Capítulo 00000101

Tendas de folhagens para banhos afrodisíacos, atravessadores de cupuaçu, tapereba, graviola, acerola, açaí, jambo, macaxeira, mandioca, folha de mandioca, farinha grossa, farinha fina, farinha media, farinha temperada, farinha branca, farinha amarela, farinha de tapioca, muita farinha e mais farinha, feirantes de cheiro-verde, couve, cebolinha, jambu, chicória, pimenta de cheiro, pimenta-do-reino, pimenta malagueta, barraquinhas de tapioquinha na manteiga, cuscus, mingau de milho, canjica, cozidão, maniçoba, tacacá, pato no tucupi, filhote frito, gurijuba assado, acari cozido, camarão no bafo e patinha de caranguejo, além de outras iguarias amazônicas sem igual servidas a centenas de famintos viajantes recém chegados de todo lugar ou famílias em êxodo urbano com malas, fogão, camas desmontadas e panelas, muitas panelas, retornando para algum muquifo na selva. Um caos humano e selvagem até que finalmente chegam no trapiche de embarque na beira do rio repleto de dezenas de embarcações de madeira...

- Mas cadê nossa embarcação secreta tenente?

- Está bem ali sargento. Camuflada!

- Mas cadê?

- Harrrrrr sargento! Se está camuflada... Às vezes o senhor parece que não sei. Né Hã bonitinha?

- Mas onde? Ali só vejo aquele pedaço de tronco flutuante.

- Então! Não ficou bem disfarçada?

- Está falando daquilo? Está tão camuflada que nem parece uma voadeira. Na realidade não é uma voadeira.
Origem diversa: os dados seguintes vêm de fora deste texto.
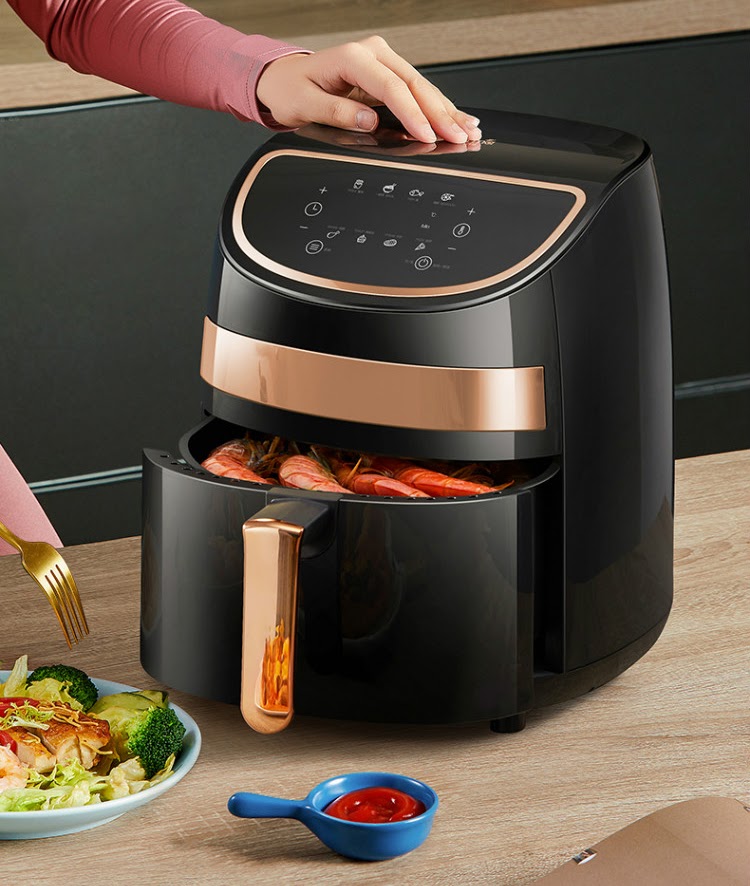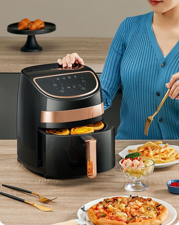 Bảng điều khiển cảm ứng thông minh được tích hợp vừa tăng tính thẩm mỹ, sang trọng cho nồi chiên không dầu, vừa hỗ trợ các thao tác điều khiển của người dùng được thực hiện một cách dễ dàng và trực quan hơn. Cụ thể, 8 “chương trình” nấu ăn được cài đặt sẵn trên bảng điều khiển giúp người dùng thuận tiện lựa chọn chế độ phù hợp nhất để chế biến nhiều loại thực phẩm khác nhau như gà, beefsteak, cá, tôm, khoai tây, pizza,…cùng các món tráng miệng khác.
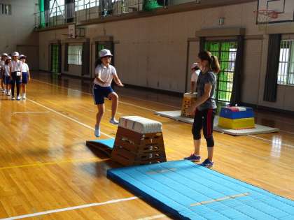 今年度も「特色ある学校づくり推進事業」で、体力向上補助指導員を依頼しています。担任と一緒に、跳び箱の指導を行いました。

- É uma nadadeira senhor! Se liga sargento! O senhor pediu para eu providenciar um barco, não um hidroavião...

- Mas com tanto barco apreendido de traficantes colombianos, contrabandistas paraguaios, fugitivos cubanos, empresários venezuelanos e você pega...

- Uma legítima canoa indígena peruana. O senhor pediu para não chamar a atenção. Achei melhor não usar nenhuma daquelas lanchas poderosas motorizadas ou iates com discoteca a bordo.

- Mas precisava ser um tronco oco de castanheira? Nossa MERDA não podia contar com algo melhor? Pelo menos tem motor ou teremos remar até a tribo?

- Se o senhor observar existe até vela.

- Vela deve ter lá dentro para iluminar a noite...

- Mas tem motor ou não?

- Ai depende do senhor. Se quiser aproveitar para malhar um pouco e perder essa barriguinha de chopp podemos ir remando. Também pode optar por irmos velejando como se estivéssemos no caribe ou por entre as ilhas paradisíacas do pacífico. Mas se quiser fazer barulho enquanto navegamos por entre a floresta nativa, natureza selvagem e bichos exóticos de toda ordem e espécie, o senhor é quem sabe.

- Mas jura que isso é nosso transporte?

- Olha Sargento! Eu estava na dúvida entre essa e uma de junco originária do lago Titicaca, apreendida numa operação da PF no Rio Solimões. Lembra-se da operação Peru de Natal? Então! Mas antes que me questionasse como uma embarcação andina ter ido parar em rio amazônico, achei prudente escolher a castanheira.

- Peru de Natal! Titicaca!

- Exatamente. Isso também foi motivo para não usar o junco, pois sabia que o senhor inevitavelmente faria um trocadalho do carilho com isso.

Era uma canoa poderosa. Na realidade um barco esculpido no tronco de uma castanheira secular. De longe parecia um veleiro chinês, mas os remos fenícios sugeriam ser um barco bem velho.

- Sei que é horrível, mas por que está chorando Figurante Nativo? Um caboclo desse tamanho com medo de navegar?

- Não senhor! Na realidade não sou Figurante Nativo. Meu nome é Fernando de Noronha e trabalho na delegacia há mais de cinco anos...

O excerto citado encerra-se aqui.